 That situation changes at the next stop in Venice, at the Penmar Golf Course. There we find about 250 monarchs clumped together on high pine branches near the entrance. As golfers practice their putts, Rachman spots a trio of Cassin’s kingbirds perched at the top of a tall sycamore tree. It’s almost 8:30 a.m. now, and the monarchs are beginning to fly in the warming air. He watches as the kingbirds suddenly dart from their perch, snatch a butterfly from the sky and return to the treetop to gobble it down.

--

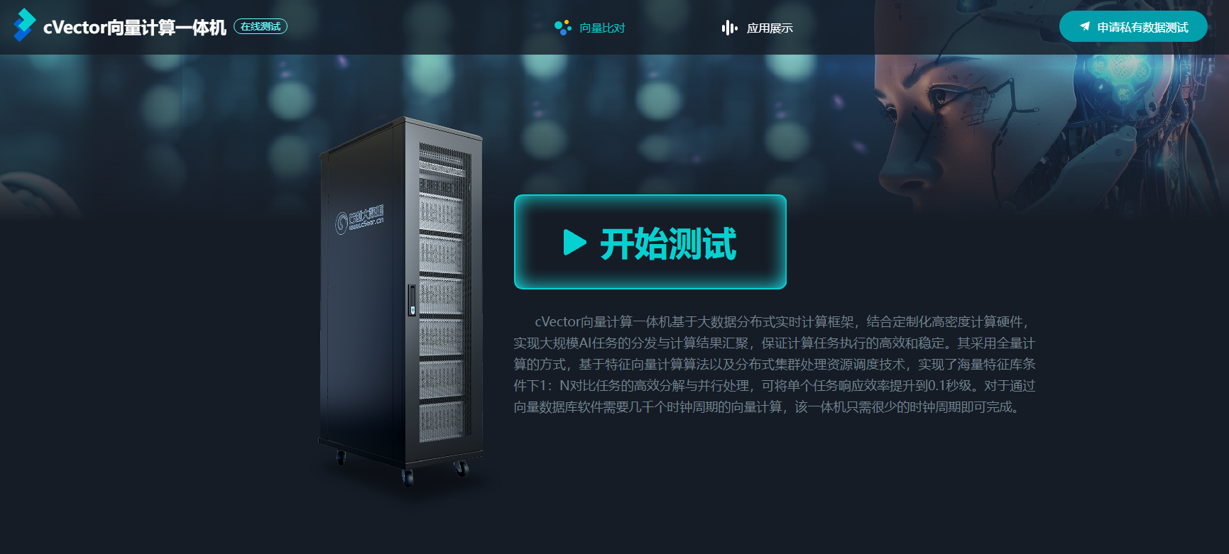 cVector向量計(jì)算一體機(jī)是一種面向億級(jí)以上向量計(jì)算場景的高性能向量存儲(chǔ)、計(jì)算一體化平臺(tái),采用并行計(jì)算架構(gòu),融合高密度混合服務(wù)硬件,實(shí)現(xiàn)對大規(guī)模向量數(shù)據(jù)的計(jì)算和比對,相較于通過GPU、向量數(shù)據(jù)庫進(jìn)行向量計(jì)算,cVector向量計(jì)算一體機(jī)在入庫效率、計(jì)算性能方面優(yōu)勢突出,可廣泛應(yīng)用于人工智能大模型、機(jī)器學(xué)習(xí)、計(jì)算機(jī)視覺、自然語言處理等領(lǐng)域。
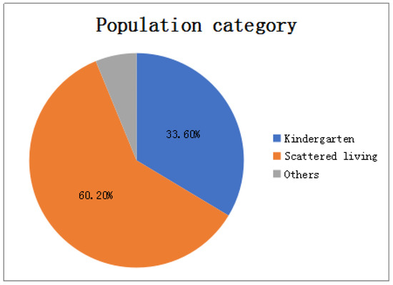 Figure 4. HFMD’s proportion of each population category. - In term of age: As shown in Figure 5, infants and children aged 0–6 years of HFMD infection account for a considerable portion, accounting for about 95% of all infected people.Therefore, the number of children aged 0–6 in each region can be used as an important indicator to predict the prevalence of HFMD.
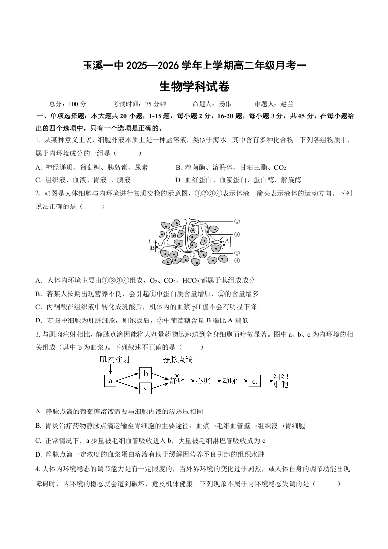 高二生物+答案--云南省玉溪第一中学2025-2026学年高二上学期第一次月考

--

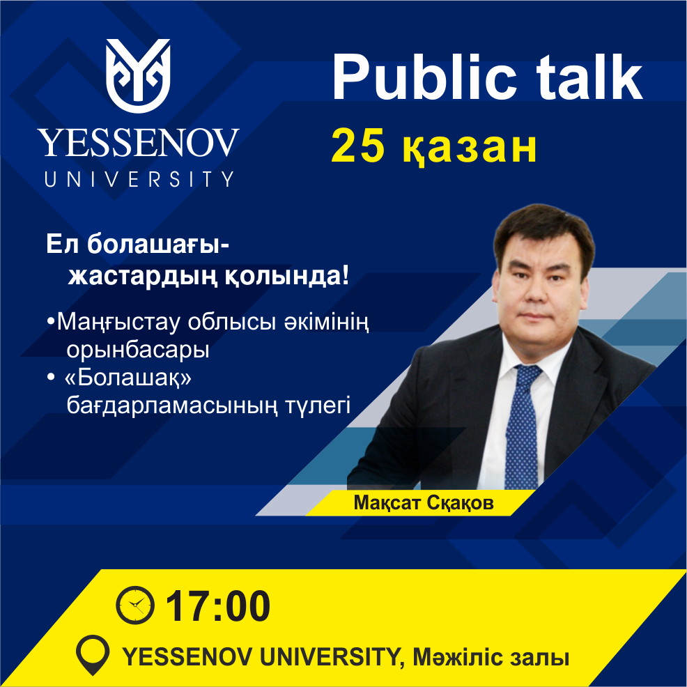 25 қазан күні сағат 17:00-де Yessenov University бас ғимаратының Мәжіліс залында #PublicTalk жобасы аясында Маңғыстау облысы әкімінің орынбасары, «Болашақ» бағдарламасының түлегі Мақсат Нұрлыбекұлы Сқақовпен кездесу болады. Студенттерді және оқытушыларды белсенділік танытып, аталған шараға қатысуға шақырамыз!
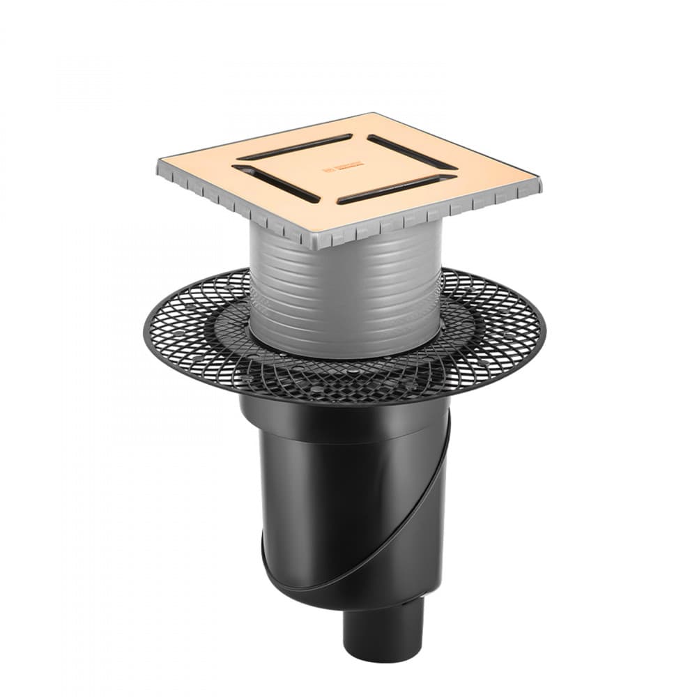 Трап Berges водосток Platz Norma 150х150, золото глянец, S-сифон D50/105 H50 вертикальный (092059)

#### [THE TASK]
Using the records above, return verbatim only the part that opens with the line containing "cVector向量計(jì)算一體機(jī)是一種面向億" and closes with the line containing "高二生物+答案--云南省玉溪第一中学2025-2026学年高二上学期第一次月考"; pictures stay out.

#### [WRITTEN ANSWER]
 cVector向量計(jì)算一體機(jī)是一種面向億級(jí)以上向量計(jì)算場景的高性能向量存儲(chǔ)、計(jì)算一體化平臺(tái),采用并行計(jì)算架構(gòu),融合高密度混合服務(wù)硬件,實(shí)現(xiàn)對大規(guī)模向量數(shù)據(jù)的計(jì)算和比對,相較于通過GPU、向量數(shù)據(jù)庫進(jìn)行向量計(jì)算,cVector向量計(jì)算一體機(jī)在入庫效率、計(jì)算性能方面優(yōu)勢突出,可廣泛應(yīng)用于人工智能大模型、機(jī)器學(xué)習(xí)、計(jì)算機(jī)視覺、自然語言處理等領(lǐng)域。
 Figure 4. HFMD’s proportion of each population category. - In term of age: As shown in Figure 5, infants and children aged 0–6 years of HFMD infection account for a considerable portion, accounting for about 95% of all infected people.Therefore, the number of children aged 0–6 in each region can be used as an important indicator to predict the prevalence of HFMD.
 高二生物+答案--云南省玉溪第一中学2025-2026学年高二上学期第一次月考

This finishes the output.